The task »
Would you set down the data below exactly as shown?

Data to use section start

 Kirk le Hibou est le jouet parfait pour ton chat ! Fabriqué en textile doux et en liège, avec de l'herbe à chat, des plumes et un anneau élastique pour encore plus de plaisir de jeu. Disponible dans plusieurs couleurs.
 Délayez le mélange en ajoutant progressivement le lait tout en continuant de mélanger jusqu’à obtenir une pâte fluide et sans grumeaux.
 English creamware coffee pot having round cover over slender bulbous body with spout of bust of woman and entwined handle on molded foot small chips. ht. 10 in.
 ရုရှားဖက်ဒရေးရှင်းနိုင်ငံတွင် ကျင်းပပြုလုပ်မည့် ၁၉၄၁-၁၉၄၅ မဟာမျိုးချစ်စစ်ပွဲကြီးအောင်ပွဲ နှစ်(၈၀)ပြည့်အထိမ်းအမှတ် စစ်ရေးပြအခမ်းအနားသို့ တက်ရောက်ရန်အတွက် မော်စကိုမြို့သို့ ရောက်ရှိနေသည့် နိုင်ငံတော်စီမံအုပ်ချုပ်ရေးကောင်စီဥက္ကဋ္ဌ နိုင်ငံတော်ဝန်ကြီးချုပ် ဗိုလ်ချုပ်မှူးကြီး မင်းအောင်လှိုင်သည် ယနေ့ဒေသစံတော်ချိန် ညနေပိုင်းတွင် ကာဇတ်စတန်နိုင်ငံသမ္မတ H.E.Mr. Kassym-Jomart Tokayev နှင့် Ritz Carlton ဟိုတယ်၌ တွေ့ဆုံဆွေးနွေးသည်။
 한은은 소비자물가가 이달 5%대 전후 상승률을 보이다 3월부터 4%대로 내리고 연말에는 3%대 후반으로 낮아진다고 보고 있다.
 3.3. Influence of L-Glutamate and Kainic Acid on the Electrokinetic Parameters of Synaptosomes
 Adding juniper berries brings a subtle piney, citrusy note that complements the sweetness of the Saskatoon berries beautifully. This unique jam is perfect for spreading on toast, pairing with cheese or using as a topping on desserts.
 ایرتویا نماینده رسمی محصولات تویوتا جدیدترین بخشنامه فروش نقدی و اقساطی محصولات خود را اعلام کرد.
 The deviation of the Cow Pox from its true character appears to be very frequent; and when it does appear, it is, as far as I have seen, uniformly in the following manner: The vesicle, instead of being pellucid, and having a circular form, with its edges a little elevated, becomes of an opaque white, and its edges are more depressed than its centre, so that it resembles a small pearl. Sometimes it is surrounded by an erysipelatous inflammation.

Data to use section end

Response to this exercise »
 Kirk le Hibou est le jouet parfait pour ton chat ! Fabriqué en textile doux et en liège, avec de l'herbe à chat, des plumes et un anneau élastique pour encore plus de plaisir de jeu. Disponible dans plusieurs couleurs.
 Délayez le mélange en ajoutant progressivement le lait tout en continuant de mélanger jusqu’à obtenir une pâte fluide et sans grumeaux.
 English creamware coffee pot having round cover over slender bulbous body with spout of bust of woman and entwined handle on molded foot small chips. ht. 10 in.
 ရုရှားဖက်ဒရေးရှင်းနိုင်ငံတွင် ကျင်းပပြုလုပ်မည့် ၁၉၄၁-၁၉၄၅ မဟာမျိုးချစ်စစ်ပွဲကြီးအောင်ပွဲ နှစ်(၈၀)ပြည့်အထိမ်းအမှတ် စစ်ရေးပြအခမ်းအနားသို့ တက်ရောက်ရန်အတွက် မော်စကိုမြို့သို့ ရောက်ရှိနေသည့် နိုင်ငံတော်စီမံအုပ်ချုပ်ရေးကောင်စီဥက္ကဋ္ဌ နိုင်ငံတော်ဝန်ကြီးချုပ် ဗိုလ်ချုပ်မှူးကြီး မင်းအောင်လှိုင်သည် ယနေ့ဒေသစံတော်ချိန် ညနေပိုင်းတွင် ကာဇတ်စတန်နိုင်ငံသမ္မတ H.E.Mr. Kassym-Jomart Tokayev နှင့် Ritz Carlton ဟိုတယ်၌ တွေ့ဆုံဆွေးနွေးသည်။
 한은은 소비자물가가 이달 5%대 전후 상승률을 보이다 3월부터 4%대로 내리고 연말에는 3%대 후반으로 낮아진다고 보고 있다.
 3.3. Influence of L-Glutamate and Kainic Acid on the Electrokinetic Parameters of Synaptosomes
 Adding juniper berries brings a subtle piney, citrusy note that complements the sweetness of the Saskatoon berries beautifully. This unique jam is perfect for spreading on toast, pairing with cheese or using as a topping on desserts.
 ایرتویا نماینده رسمی محصولات تویوتا جدیدترین بخشنامه فروش نقدی و اقساطی محصولات خود را اعلام کرد.
 The deviation of the Cow Pox from its true character appears to be very frequent; and when it does appear, it is, as far as I have seen, uniformly in the following manner: The vesicle, instead of being pellucid, and having a circular form, with its edges a little elevated, becomes of an opaque white, and its edges are more depressed than its centre, so that it resembles a small pearl. Sometimes it is surrounded by an erysipelatous inflammation.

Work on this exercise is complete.